WORK INSTRUCTIONS: After locating the line with "Anya Hindmarch luxury" below, output it and each following line exactly, stopping after the line with "尤其值得注意的是,5月,新能". No pictures.

DATASET RECORDS:
# # #

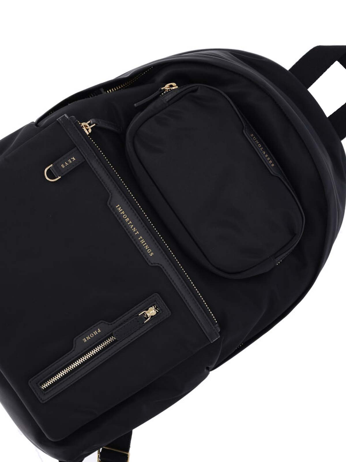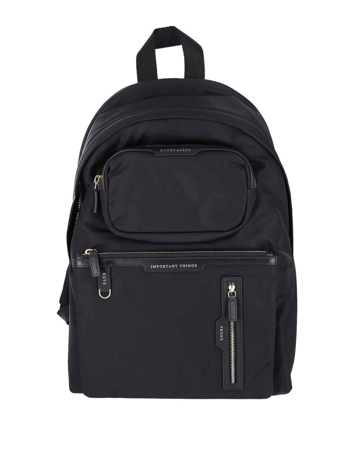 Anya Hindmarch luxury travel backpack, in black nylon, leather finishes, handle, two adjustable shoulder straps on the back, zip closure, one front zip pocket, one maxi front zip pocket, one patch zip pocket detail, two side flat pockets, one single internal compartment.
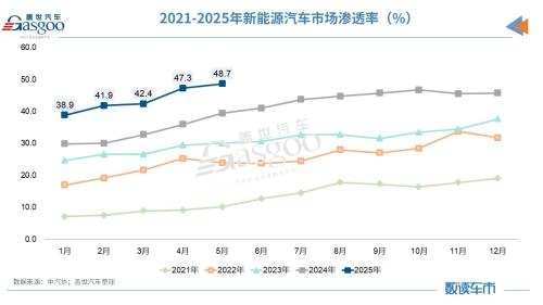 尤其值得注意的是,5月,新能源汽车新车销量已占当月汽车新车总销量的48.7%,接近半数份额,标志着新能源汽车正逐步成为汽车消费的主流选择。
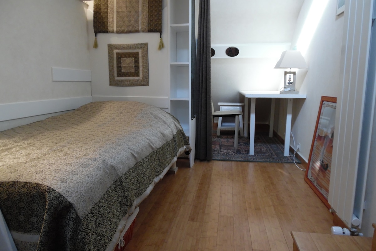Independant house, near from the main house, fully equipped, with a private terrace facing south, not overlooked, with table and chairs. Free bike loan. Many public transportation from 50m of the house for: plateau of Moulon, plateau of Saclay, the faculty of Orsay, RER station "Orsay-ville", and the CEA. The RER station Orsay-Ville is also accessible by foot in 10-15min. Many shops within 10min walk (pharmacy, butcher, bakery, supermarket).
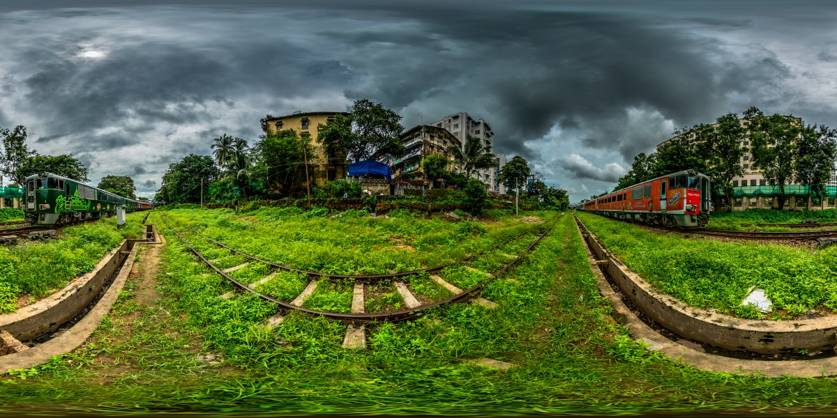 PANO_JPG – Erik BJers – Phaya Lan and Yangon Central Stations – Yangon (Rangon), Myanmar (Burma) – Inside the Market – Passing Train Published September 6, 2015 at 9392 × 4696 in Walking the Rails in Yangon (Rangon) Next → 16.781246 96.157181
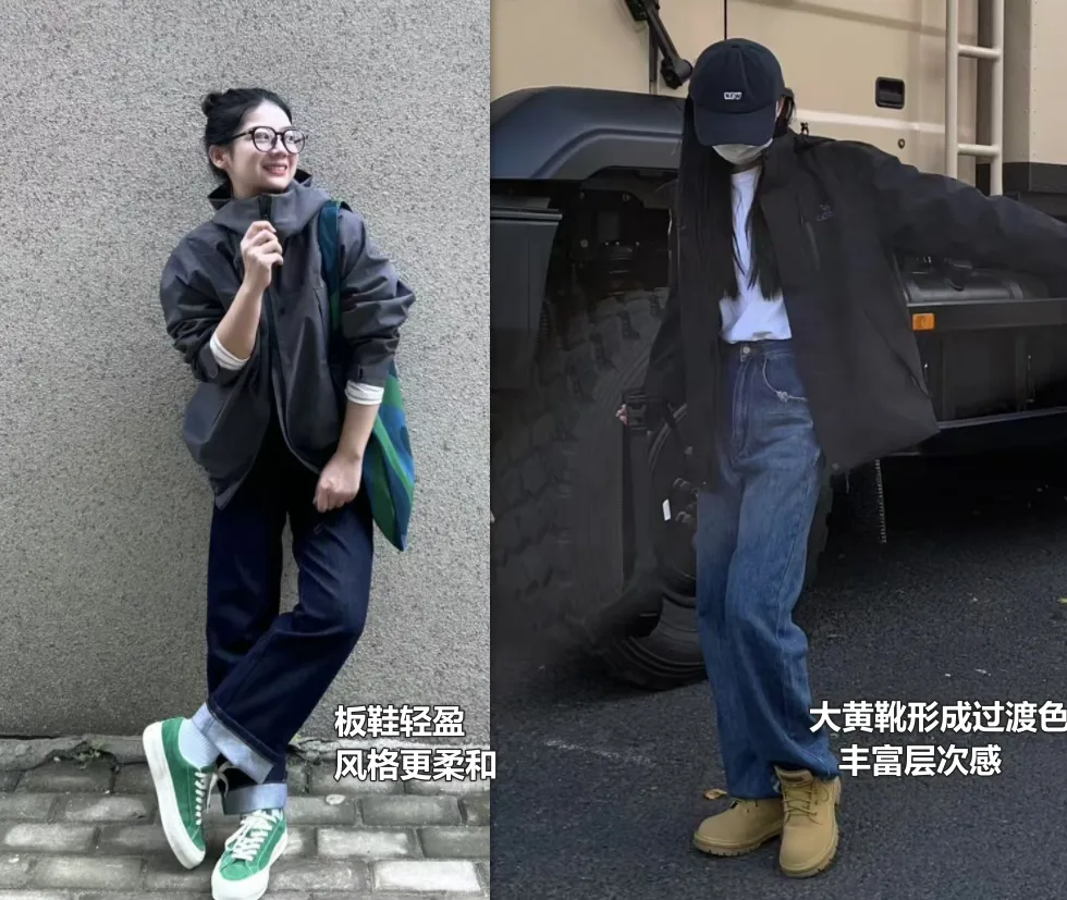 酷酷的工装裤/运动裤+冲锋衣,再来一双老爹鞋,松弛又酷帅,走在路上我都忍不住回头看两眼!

# # #

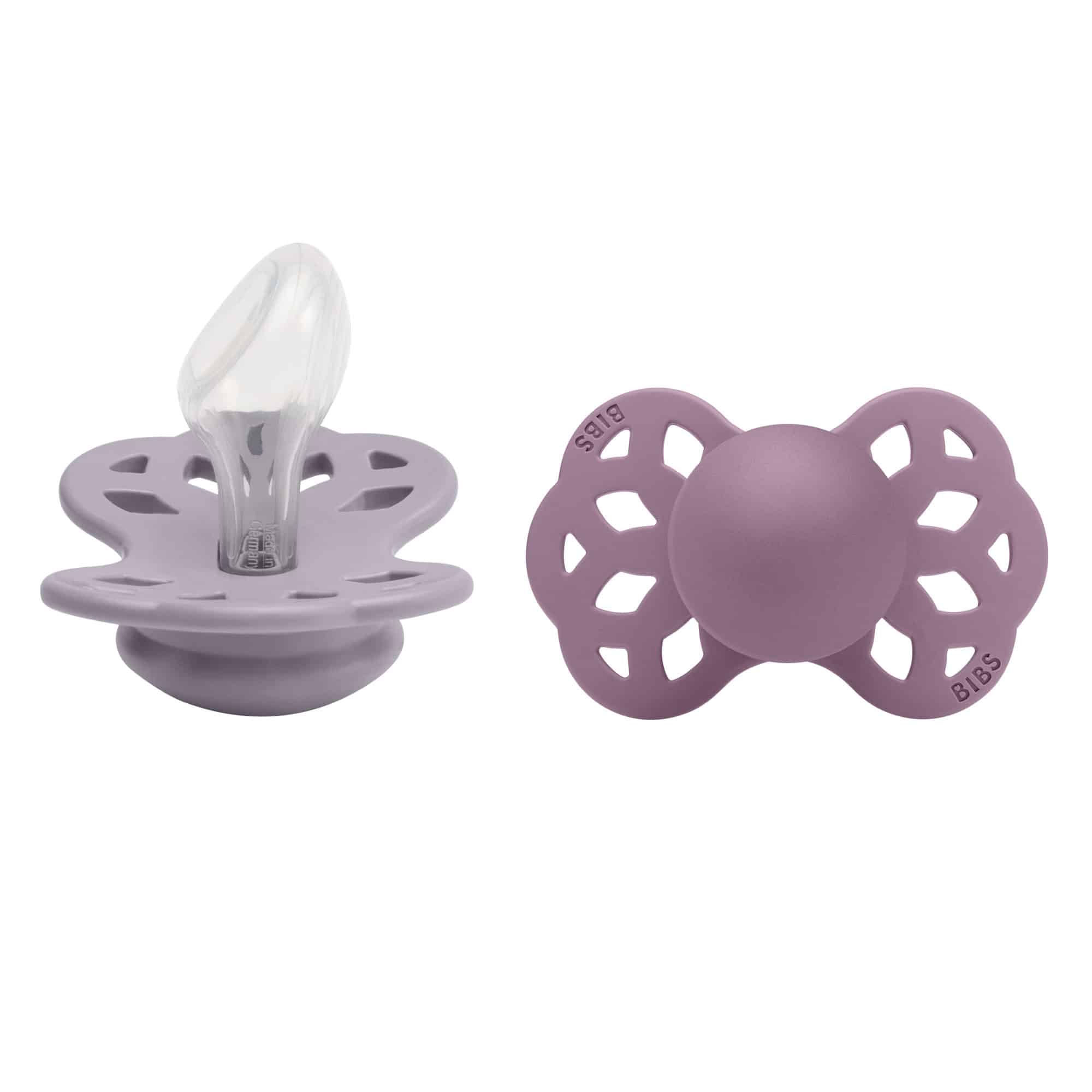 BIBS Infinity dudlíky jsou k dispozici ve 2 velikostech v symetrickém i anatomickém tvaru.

# # #

RESPONSE TO THE TASK:
 Anya Hindmarch luxury travel backpack, in black nylon, leather finishes, handle, two adjustable shoulder straps on the back, zip closure, one front zip pocket, one maxi front zip pocket, one patch zip pocket detail, two side flat pockets, one single internal compartment.
 尤其值得注意的是,5月,新能源汽车新车销量已占当月汽车新车总销量的48.7%,接近半数份额,标志着新能源汽车正逐步成为汽车消费的主流选择。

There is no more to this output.